Flow’s debtor-in-possession proposal “was well below the amount required to pay off [WeWork’s] nearly $4 billion in secured debt obligations,” James Baird, a partner at investment bank PJT Partners, a WeWork adviser, said in a filing Friday. Neumann’s proposal seeks to have priority claims over other secured lenders and would require approval from WeWork’s stakeholders, Baird said, adding those stakeholders would be “unwilling” to give their blessing. That means Flow’s proposal is not “actionable,” he said.

A WeWork spokesperson declined to comment on Neumann’s filing.

Cash Needed

WeWork has said in a recent filing that it may need “a $400 million capital contribution” when it exits bankruptcy and said it has administrative claims, including rents it owes to landlords, of about $443 million.

The company’s cash balance had declined to $89.6 million at the end of February from $113.3 million at the start of the month as operating expenses in February alone were more than the revenue it generated.

Ciara Foster, an attorney for Kirkland & Ellis representing WeWork, said in a court hearing Tuesday that any path forward for WeWork would require it to work with SoftBank.

The Japanese investment firm “is critical to the deal,” Foster said.

SoftBank hasn’t responded to CoStar News’ requests to comment.

While WeWork, according to Neumman's Flow group, may have been less than lukewarm to its offers, WeWork’s official committee of unsecured creditors, which includes landlords, and a separate group of noteholders, have argued that WeWork should entertain or hear proposals from Flow.

WeWork should “be entertaining the third-party proposal,” Kristopher Hansen, a lawyer for law firm Paul Hastings that represents the committee of unsecured creditors, said in the court hearing last week.

The panel said in March it’s seeking bankruptcy court approval to sue SoftBank and related parties to help recover hundreds of millions of dollars for landlords and its other unsecured creditors.

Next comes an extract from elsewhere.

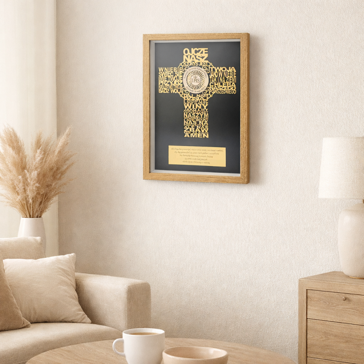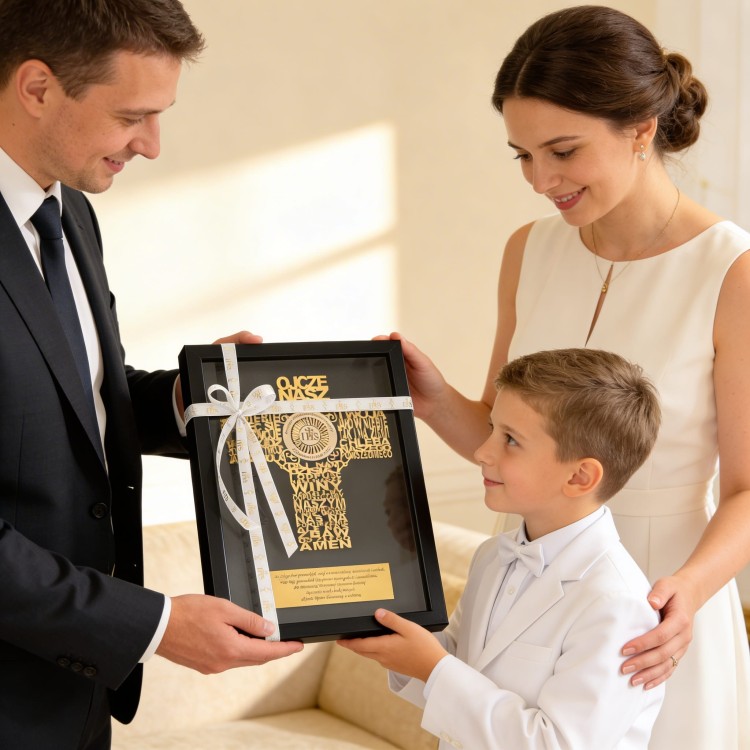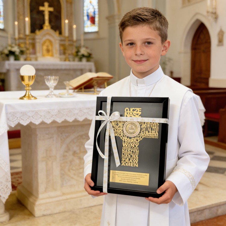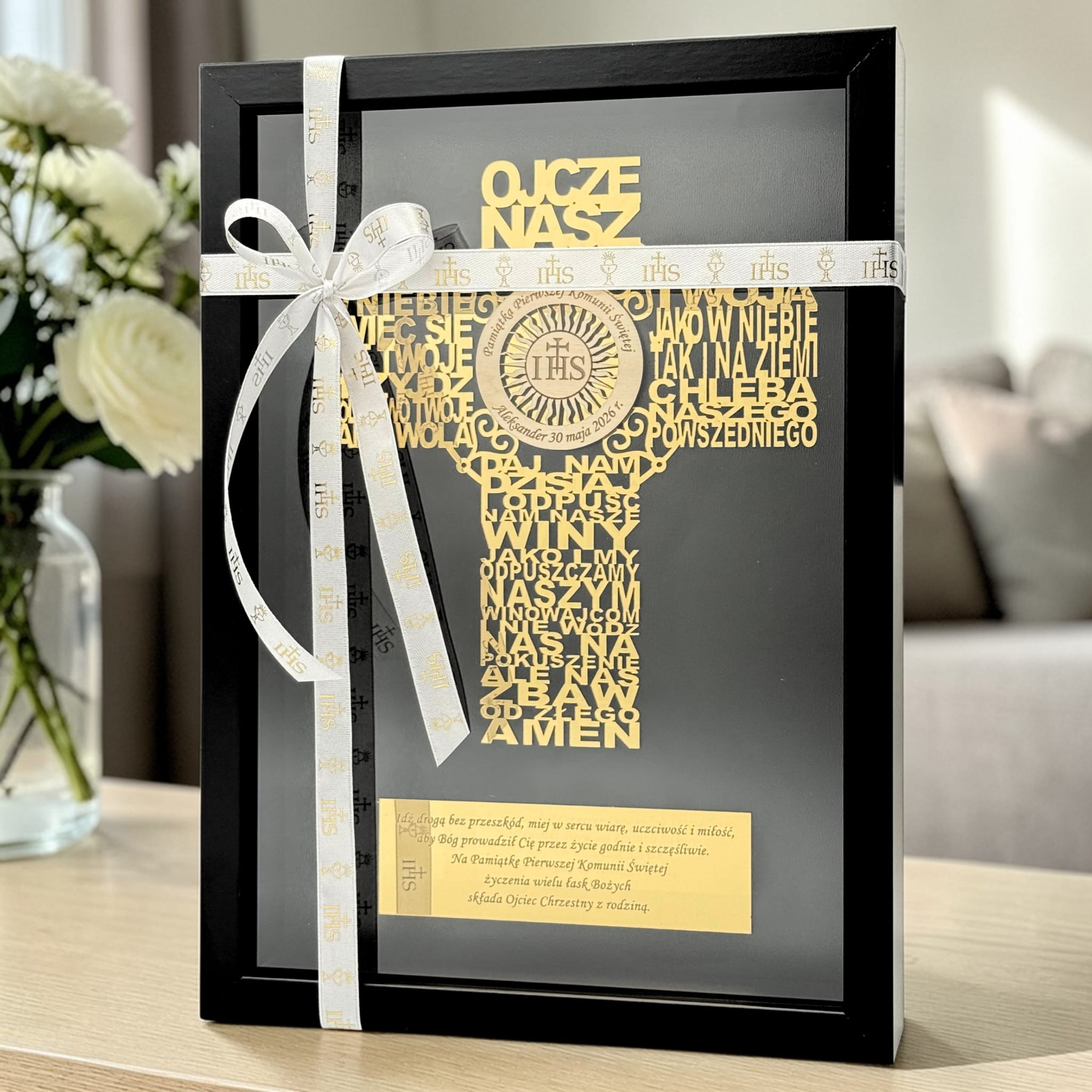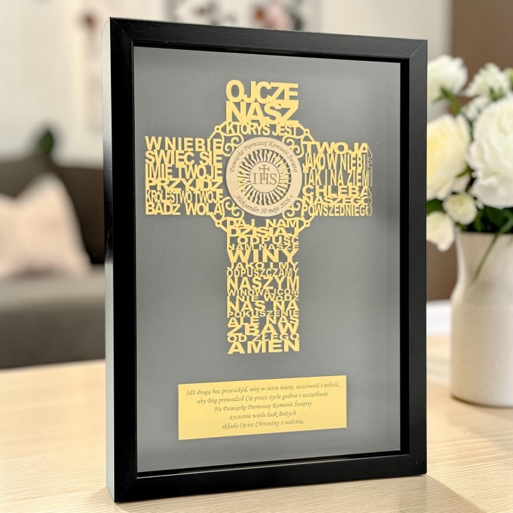 Personalizowany obrazek „Ojcze Nasz” w eleganckiej, głębokiej ramce to wyjątkowa pamiątka Pierwszej Komunii Świętej. Przestrzenny krzyż z wyciętą modlitwą oraz centralna Hostia z możliwością graweru imienia i daty tworzą ponadczasowy, religijny upominek o wysokiej estetyce wykonania. Produkt gotowy do wręczenia – możliwość zawieszenia lub postawienia.

WeWork projected in a filing recently that it will turn profitable next year after emerging from bankruptcy protection. The company has been renegotiating leases with landlords to cut its lease burden, the biggest challenge to WeWork becoming profitable.

The company has said revamping its real estate portfolio is expected to result in the "elimination of over $8 billion in total future rent commitments." WeWork said it’s expected to end this year with 335 locations, 297,319 members. and an occupancy rate of 76%. By the end of 2028, it expects the occupancy rate to rise to 85%.

A bankruptcy court hearing is scheduled Monday.

WeWork is a tenant in a Virginia building CoStar Group acquired earlier this year, making CoStar a creditor in the case.